Они ввалились в избу, грохоча коваными сапогами. Шапки набекрень, в руках автоматы.

— Дай пожрать, да что получше, — набросились на хозяина непрошеные гости.

— Пожрать? — переспросил Клос. Он изобразил на лице удивление: хотел выиграть время. — Мы бедные, у нас ничего нет.

— Не прикидывайся. Тащи водку и сало.

Двое уже шарили по избе, заглядывая во все углы. Старший подошел к Клосу.

— Вы должны радоваться, что видите польских солдат. Мы жизни для вас не жалеем, а вам жалко покормить нас.

— Наша деревня бедная, пески… — жалобно канючил Клос.

— Хватит, хватит. Уж мы-то кое-что знаем об этой вашей деревне.

Коваль натянул одеяло до самого подбородка, вспотевшей ладонью сжимал пистолет. Прислушивался к голосам на кухне и крикам, доносившимся из деревни. Он уже догадался, какие солдаты сюда наведались. Дверь распахнулась внезапно, он даже вздрогнул. Сначала увидел ствол автомата, затем высокого мужчину.

— Кто это? — Солдат повернул голову в сторону Клоса.

— Брат жены.

— Спит?

— Приболел что-то…

— Что у него?

— Похоже, что тиф, — ответил Клос. — Врача бы надо, либо в больницу отвезти, да коня вот у меня нет.

— Что ж это зарос так?

— Лежит уже третью неделю. Слабый очень, я не трогаю его.

— Я уже болел тифом, меня не возьмет, — встрял в разговор молодой конопатый парень. — Могу его осмотреть.

— Оставь, — высокий попятился к порогу, — черти б его побрали.

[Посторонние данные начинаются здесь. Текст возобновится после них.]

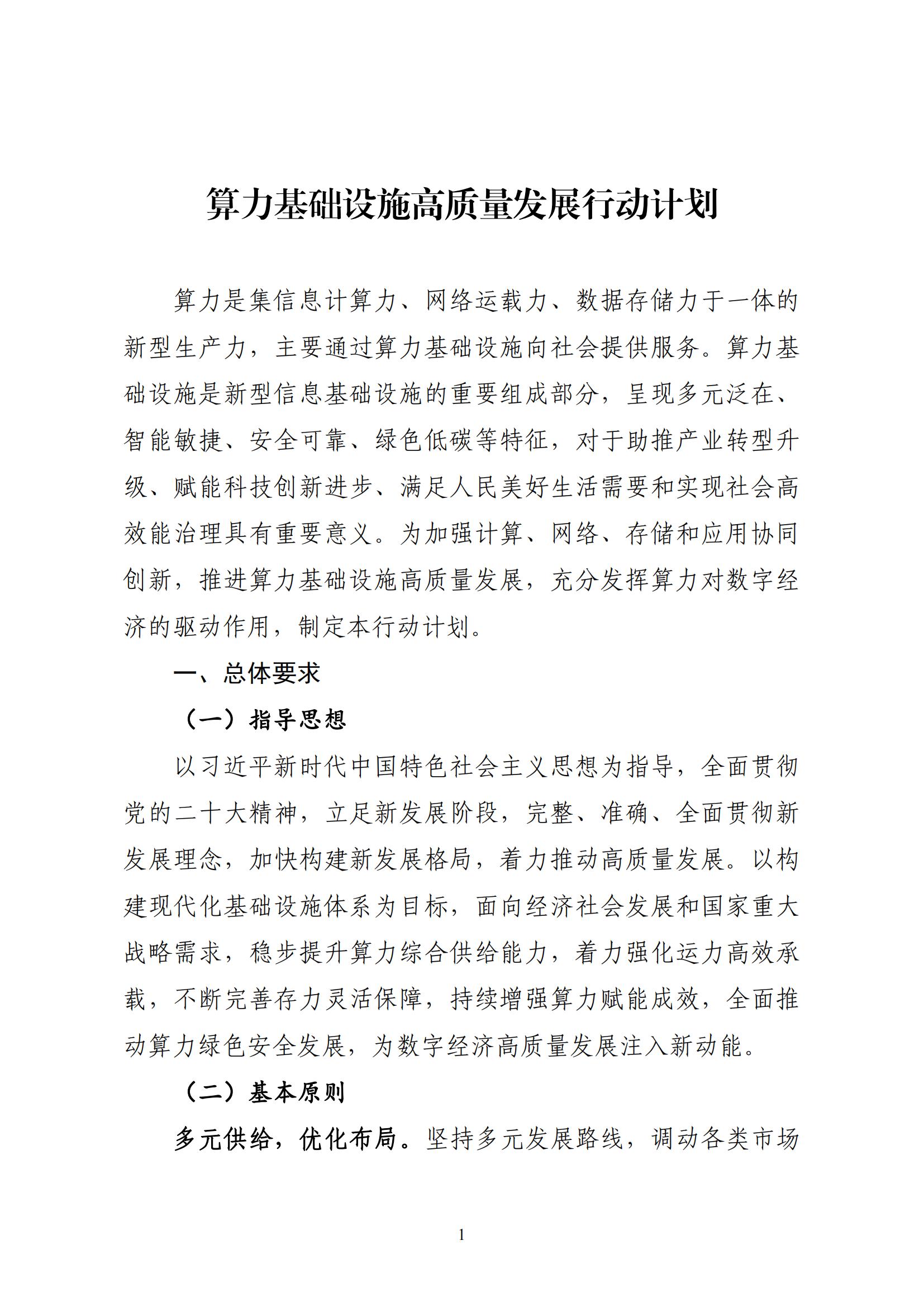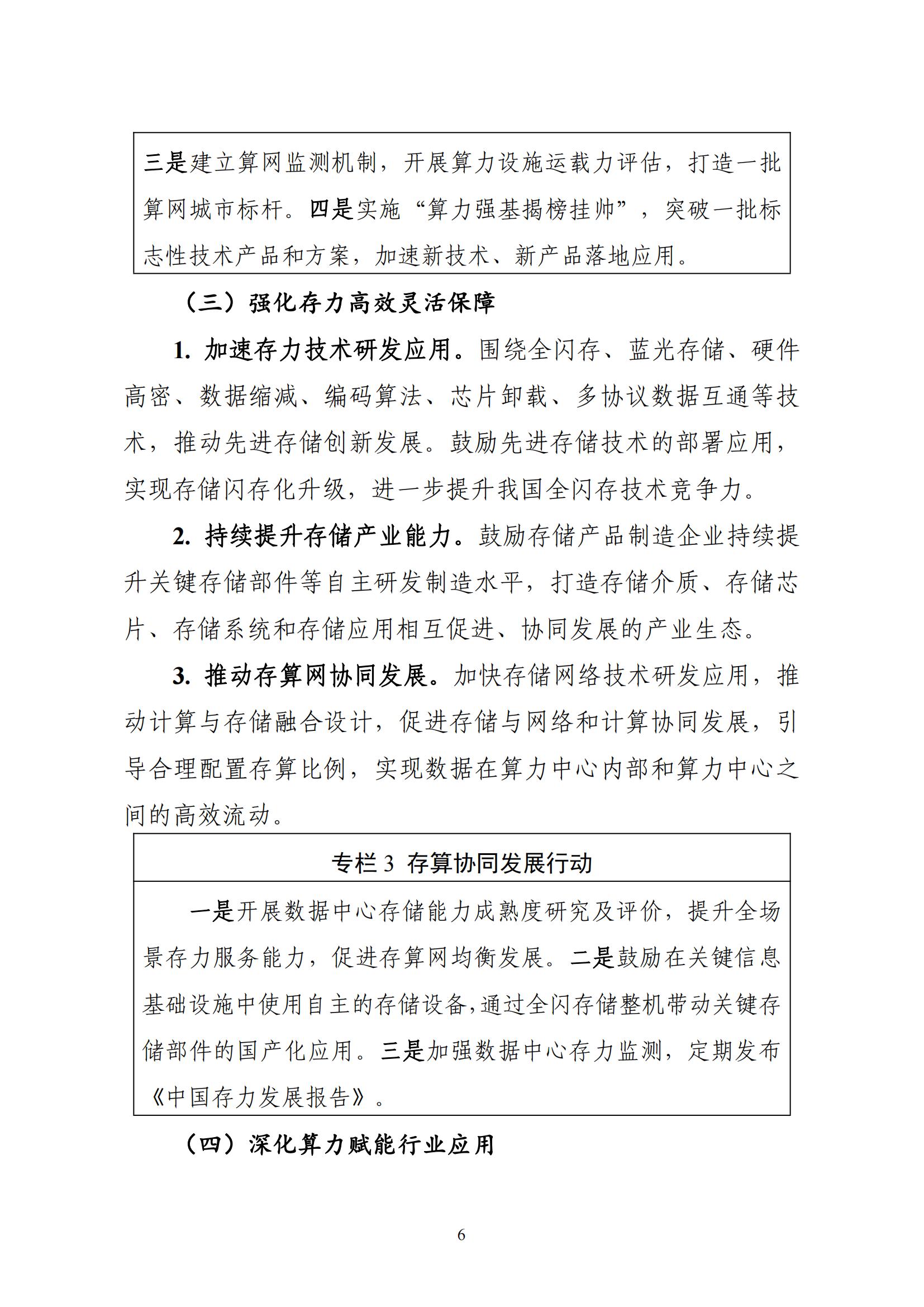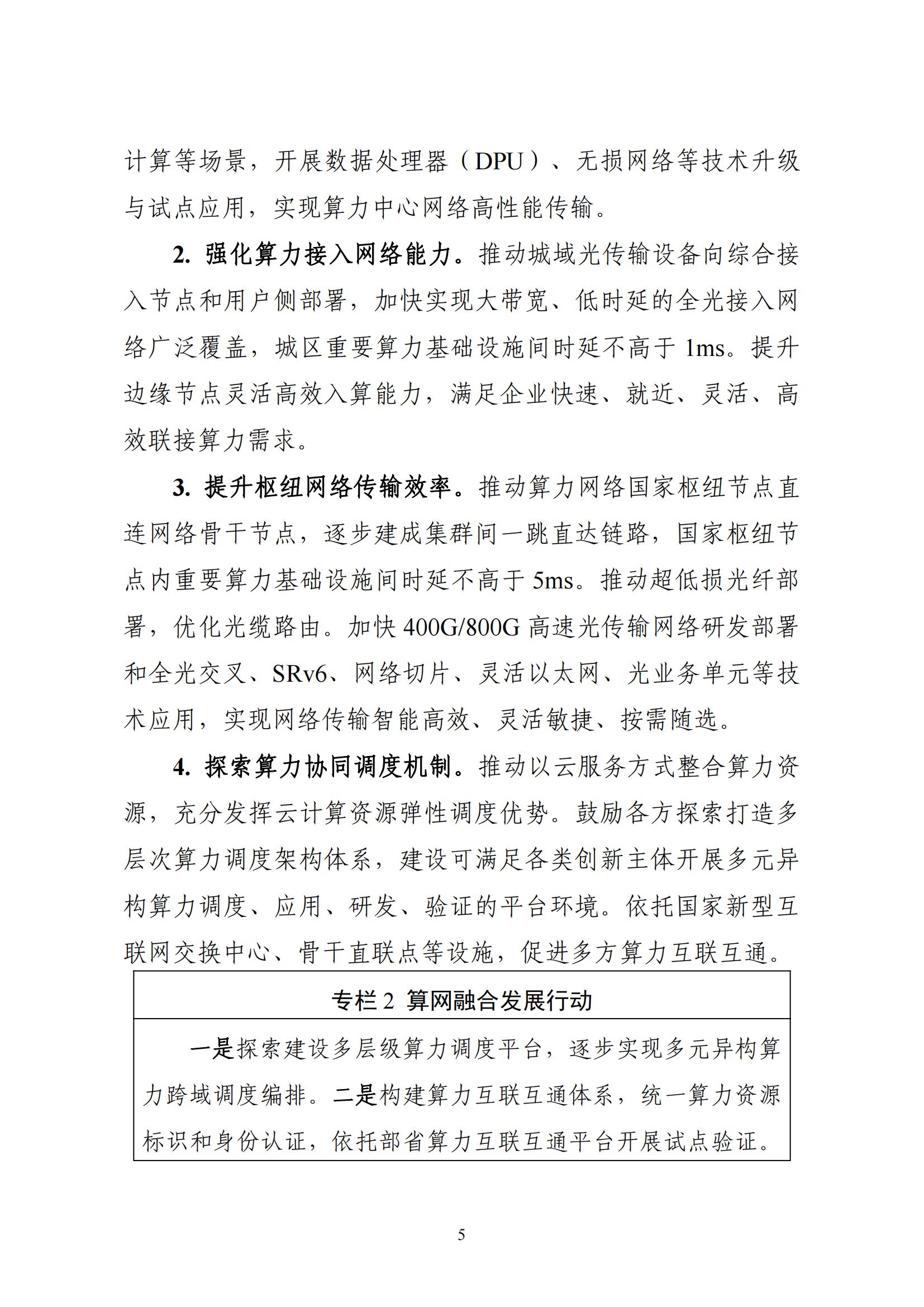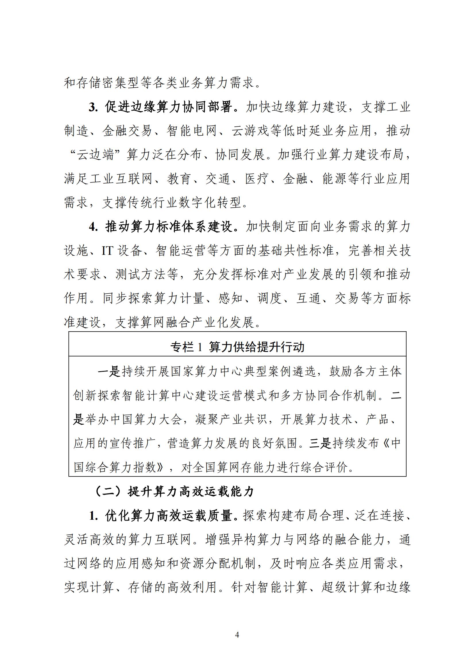 工業(yè)和信息化部、中央網(wǎng)信辦、教育部、國(guó)家衛(wèi)生健康委、中國(guó)人民銀行、國(guó)務(wù)院國(guó)資委等六部門近日聯(lián)合印發(fā)《算力基礎(chǔ)設(shè)施高質(zhì)量發(fā)展行動(dòng)計(jì)劃》,提出到2025年,計(jì)算力方面,算力規(guī)模超過(guò)300 EFLOPS,智能算力占比達(dá)到35%,東西部算力平衡協(xié)調(diào)發(fā)展。運(yùn)載力方面,國(guó)家樞紐節(jié)點(diǎn)數(shù)據(jù)中心集群間基本實(shí)現(xiàn)不高于理論時(shí)延1.5倍的直連網(wǎng)絡(luò)傳輸,重點(diǎn)應(yīng)用場(chǎng)所光傳送網(wǎng)(OTN)覆蓋率達(dá)到80%,骨干網(wǎng)、城域網(wǎng)全面支持IPv6,SRv6等創(chuàng)新技術(shù)使用占比達(dá)到40%。存儲(chǔ)力方面,存儲(chǔ)總量超過(guò)1800EB,先進(jìn)存儲(chǔ)容量占比達(dá)到30%以上,重點(diǎn)行業(yè)核心數(shù)據(jù)、重要數(shù)據(jù)災(zāi)備覆蓋率達(dá)到100%。
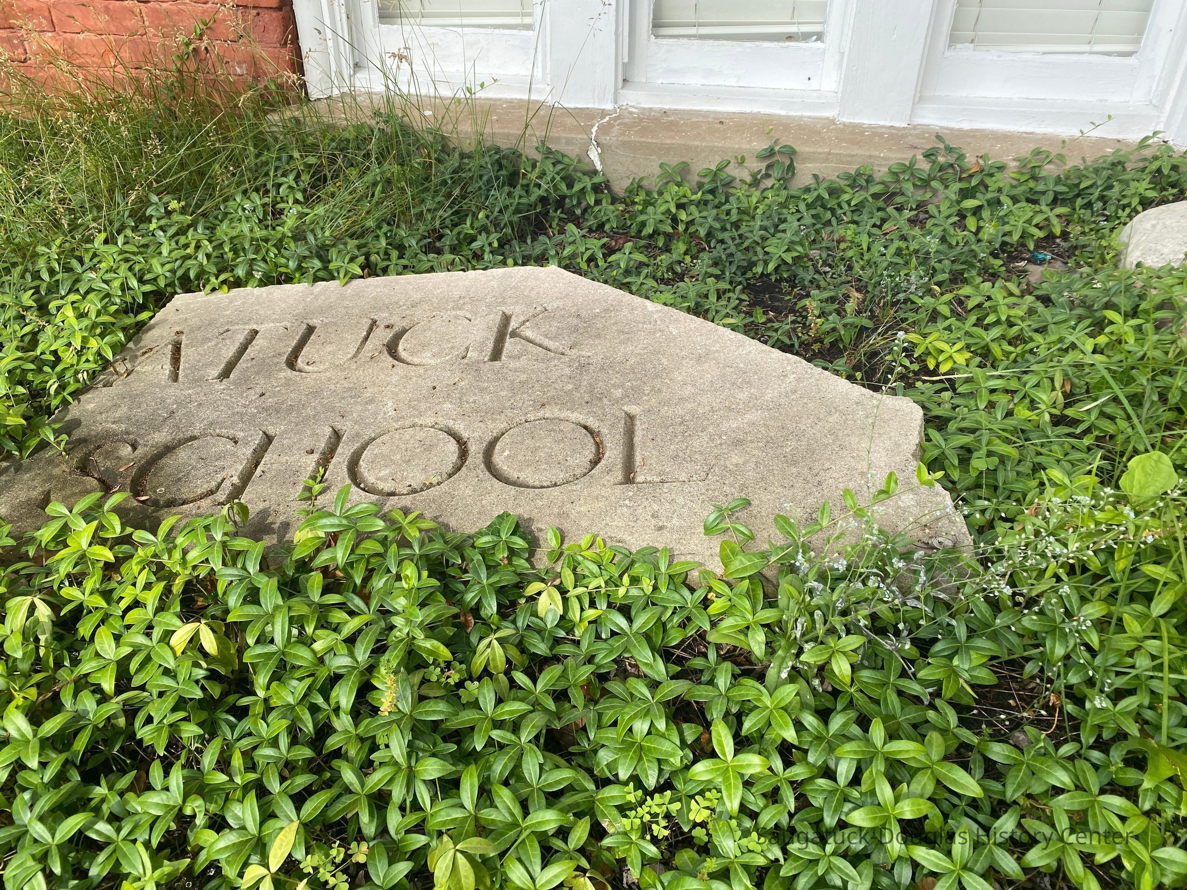 Fragment of a stone that graced the entry to the Saugatuck Public School (built in 1897) before the building was destroyed in a 1950 fire.Context

— Рассказывают, — не унимался молодой, — что по окрестностям бродит какой-то коммунист и людей бунтует. Может, это он?

— Плетешь неизвестно что, — взорвался высокий, — ты только глянь на него. Старикашка какой-то, вонючий нищий.

Дверь захлопнулась. Коваль открыл глаза и глубоко вздохнул. Нищий… Пусть будет по-вашему. Только теперь он почувствовал, как одеревенела рука: настолько крепко пальцы сжимали рукоятку пистолета.

Клос принес самогон, сало, хозяйка жарила яичницу. Пили, громко хохотали. Расспрашивали Клоса, не видел ли красных из леса.

У Коваля уже не было сомнений, что эти трое были из НСЗ . Что их привело в деревню?

Болезнь мучила Коваля уже три недели. Привязалась она к нему совсем не вовремя. Всегда гордился тем, что никакая хворь его не брала. А теперь… Лихорадка била его нещадно. Приступ начинался обычно после полудня и продолжался до утра. Не было сил побриться и постричься. И вот сегодня борода и космы очень пригодились.

Галдеж на кухне становился все более громким и назойливым: пары самогона делали свое дело. Когда они наконец уберутся? Как долго ему еще придется их слушать, превозмогая слабость? А если заглянут еще раз? Наконец дождался тишины, а затем и Клоса.

— Ну как там? — спросил Коваль.

— От Когтя, сволочи, — вздохнул Клос. — Много их, с сотню. Обобрали всю деревню, буйствовали по хатам. Те, которые были здесь, — он кивнул головой в сторону кухни, — поверили во все.

— Как обстановка в деревне? — нетерпеливо перебил его Коваль.

— Плохо, — вздохнул крестьянин, — очень плохо. Громек убит, забрали Малярека и Цвека. У Вуйчиков перебили посуду, избили людей.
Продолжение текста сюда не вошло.